On 03/17/19 15:06, Tom Lane wrote:
> The error message issue is indeed a concern, but I don't see why it's
> complicated if you agree that
>
>> If the query asked for CONTENT, any error result should be one you could get
>> when parsing as CONTENT.
>
> That just requires us to save the first error message and be sure to issue
> that one not the DOCUMENT one, no?
I confess I haven't looked hard yet at how to do that. The way errors come
out of libxml is more involved than "here's a message", so there's a choice
of (a) try to copy off that struct in a way that's sure to survive
re-executing the parser, and then use the copy, or (b) generate a message
right away from the structured information and save that, and I guess b
might not be too bad; a might not be too bad, or it might, and slide right
back into the kind of libxml-behavior-assumptions you're wanting to avoid.

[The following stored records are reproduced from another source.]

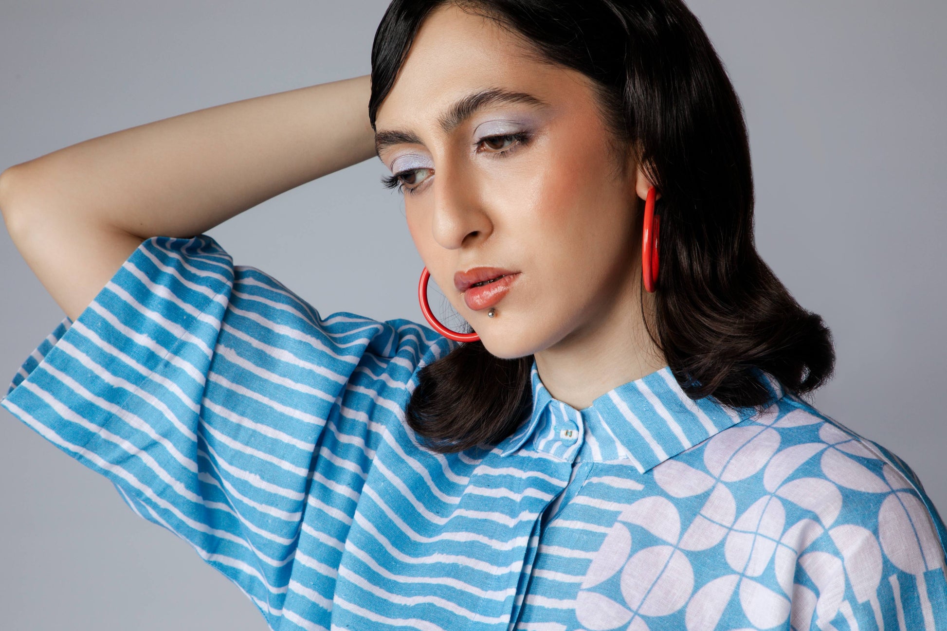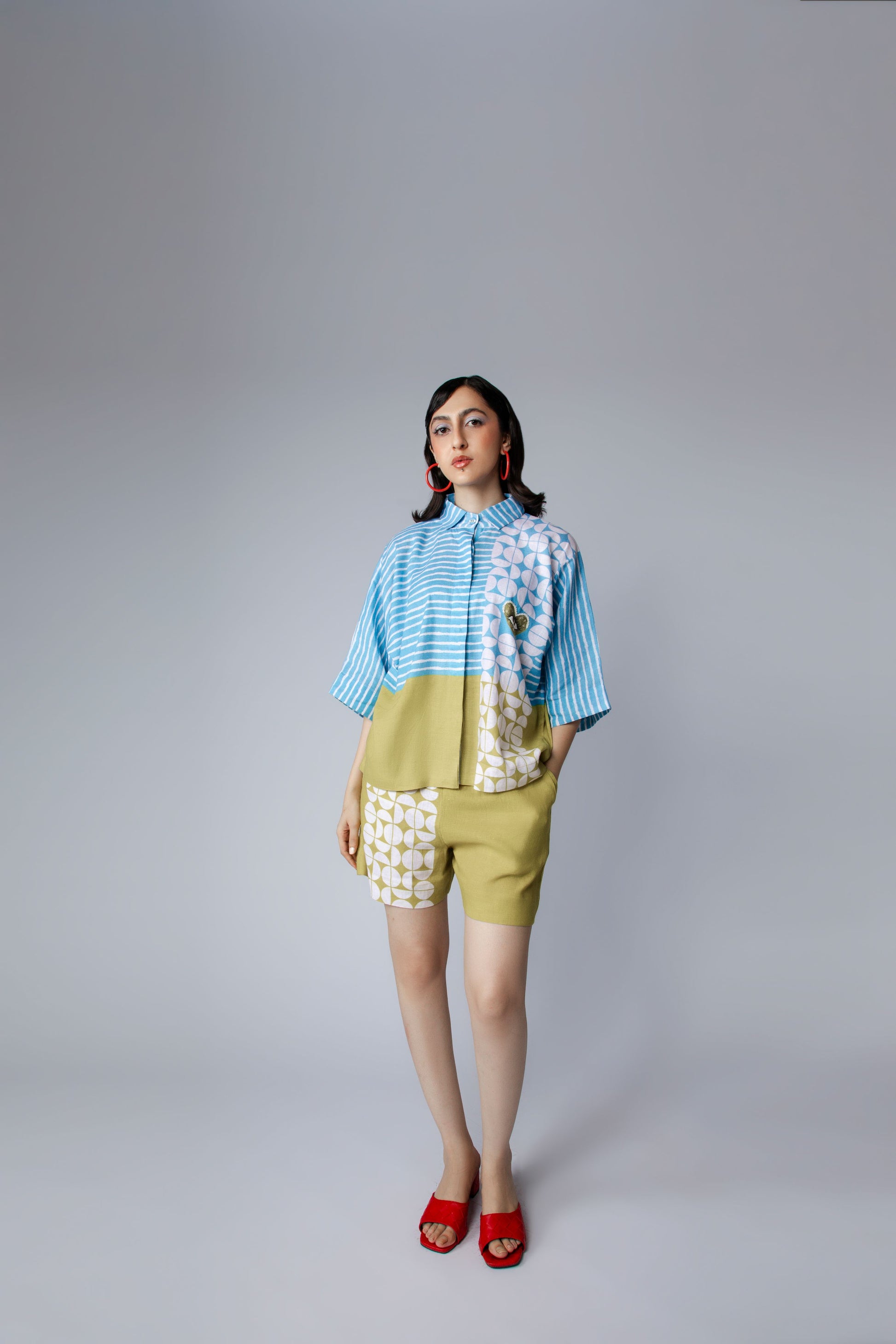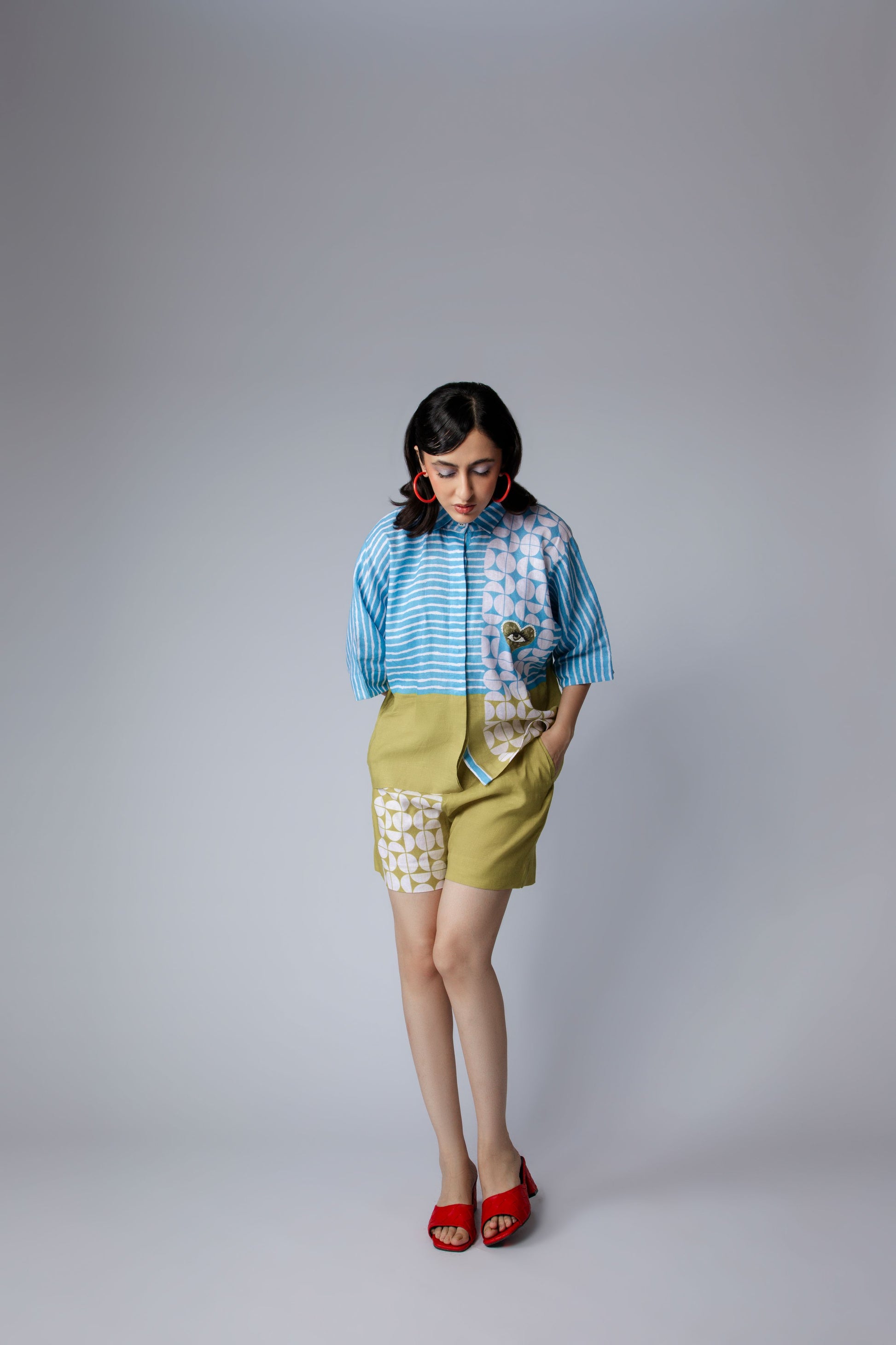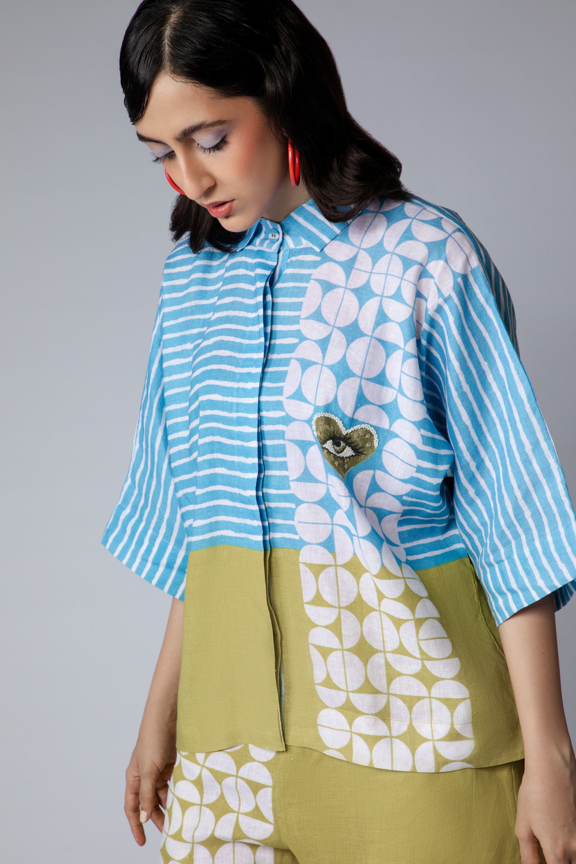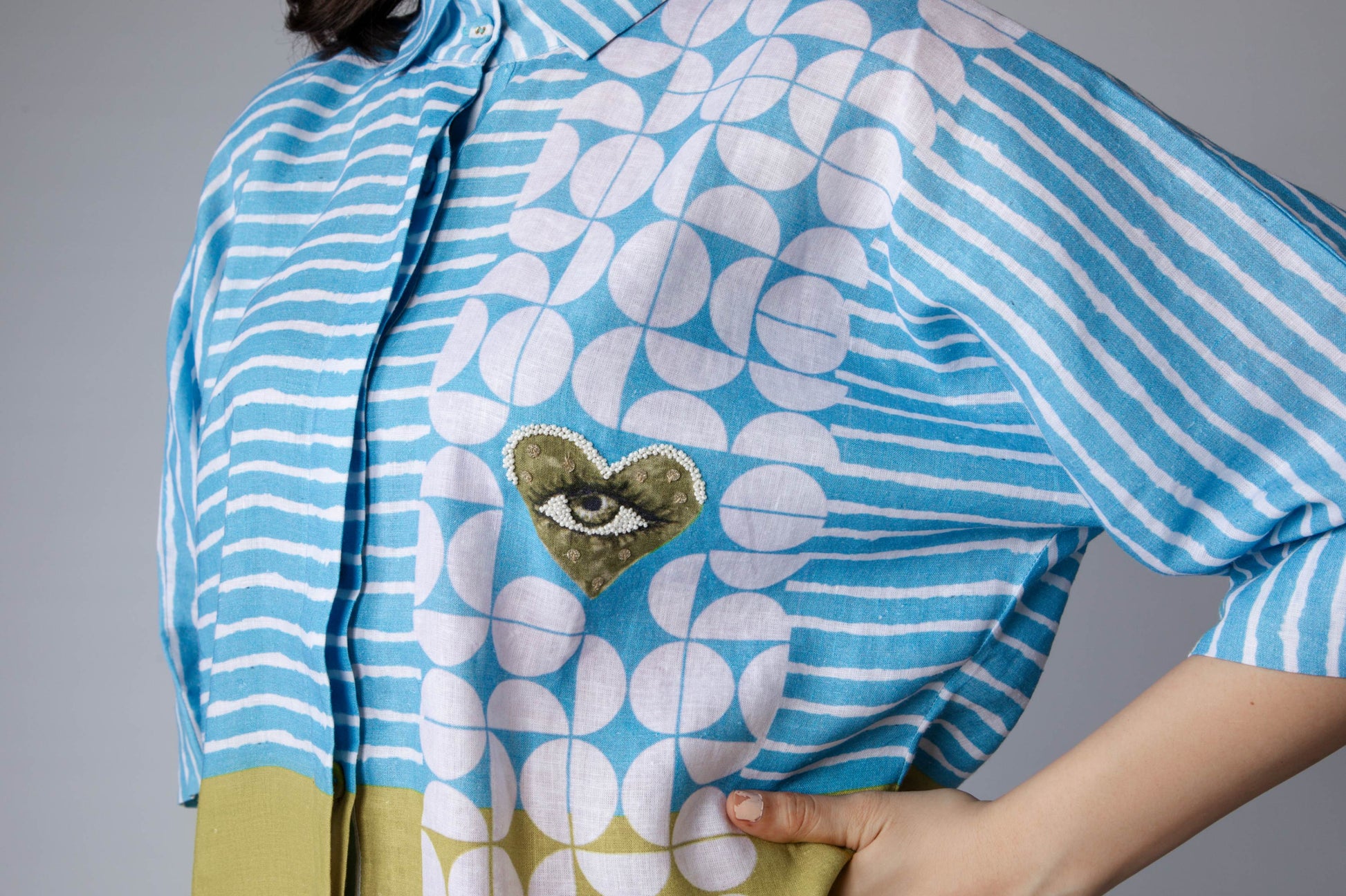 Effortless and artful, this button-down shirt set drapes softly with painterly turquoise blue stripes that feel inspired, not forced. The relaxed fit and open collar stay true to the “Cut the Crap by Arva” ethos. Relaxed style, intentional design. Lightweight and breathable, this piece is as comfortable as it is expressive. No unnecessary detailing just the heart and the color's shine.
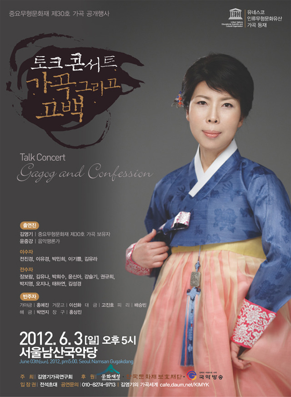 'TALK CONCERT 가곡, 그리고 고백'은 조선초기부터 전해오는 신비로운 음색의 여창가곡을 맛깔나는 토크와 함께 들어보는 김영기가곡연구회의 새 공연이다.
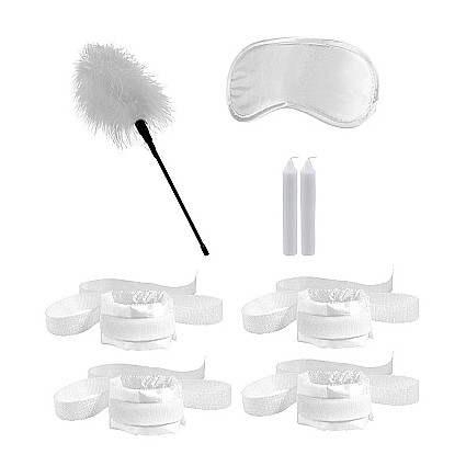 Комплект идеально подходит для начинающих поклонников БДСМ. Комплект для эротического вечера от голландского бренда Shots Media: маска на глаза, наручники и наножники с возможностью фиксации на кровати, пуховка и две свечи. Использовать все предметы одновременно или по отдельности? Выбор за вами. Не подавляйте свои желания, пусть ночь станет яркой и насыщенной!
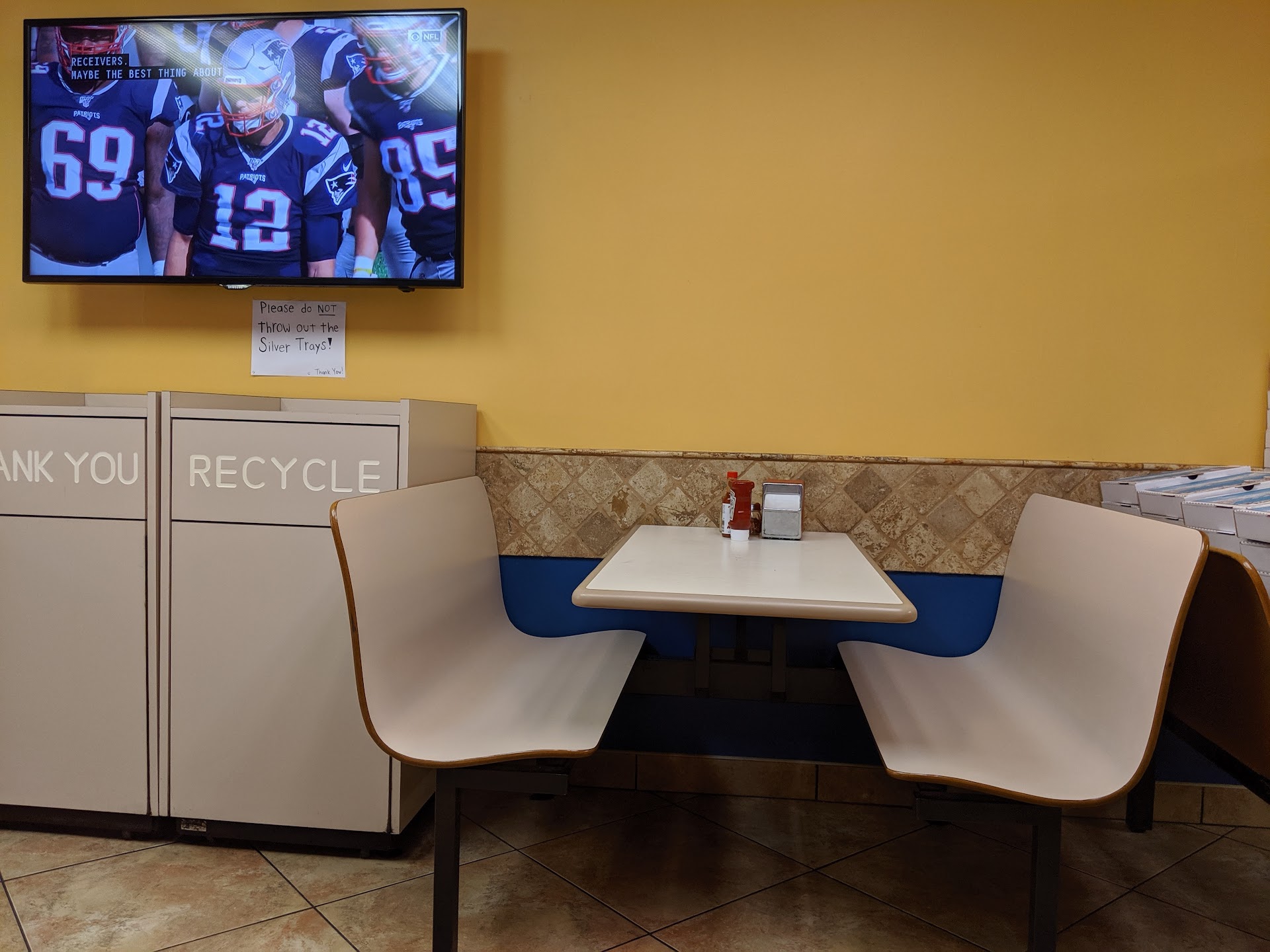 Read moreI give this place like a 5/10, and only cause the guy was nice. Walked in and didn’t get what I wanted. I asked if I can use the bathroom anyway and he said yes. I decided to later buy a personal pie, as they don’t do slices. Honestly, it could have been better. The dough was a bit soft and the sauce had a bitter aftertaste to it. The cheese kind of felt ok. I agree with a previous review that it tastes a bit like frozen pizza. Maybe give this one a pass. Or maybe a topping one might be better. Feel bad, as I really...

Meanwhile, here is a patch on the lines I proposed earlier, with a
pre-check. Any performance hit that it could entail (which I'd really
expect to be de minimis, though I haven't benchmarked) ought to be
compensated by the strlen I changed to strnlen in parse_xml_decl (as
there's really no need to run off and count the whole rest of the input
just to know if 1, 2, 3, or 4 bytes are available to decode a UTF-8 char).
... and, yes, I know that could be an independent patch, and then the
performance effect here should be measured from there. But it was near
what I was doing anyway, so I included it here.
Attaching both still-outstanding patches (this one and docfix) so the
CF app doesn't lose one.
Regards,
-Chap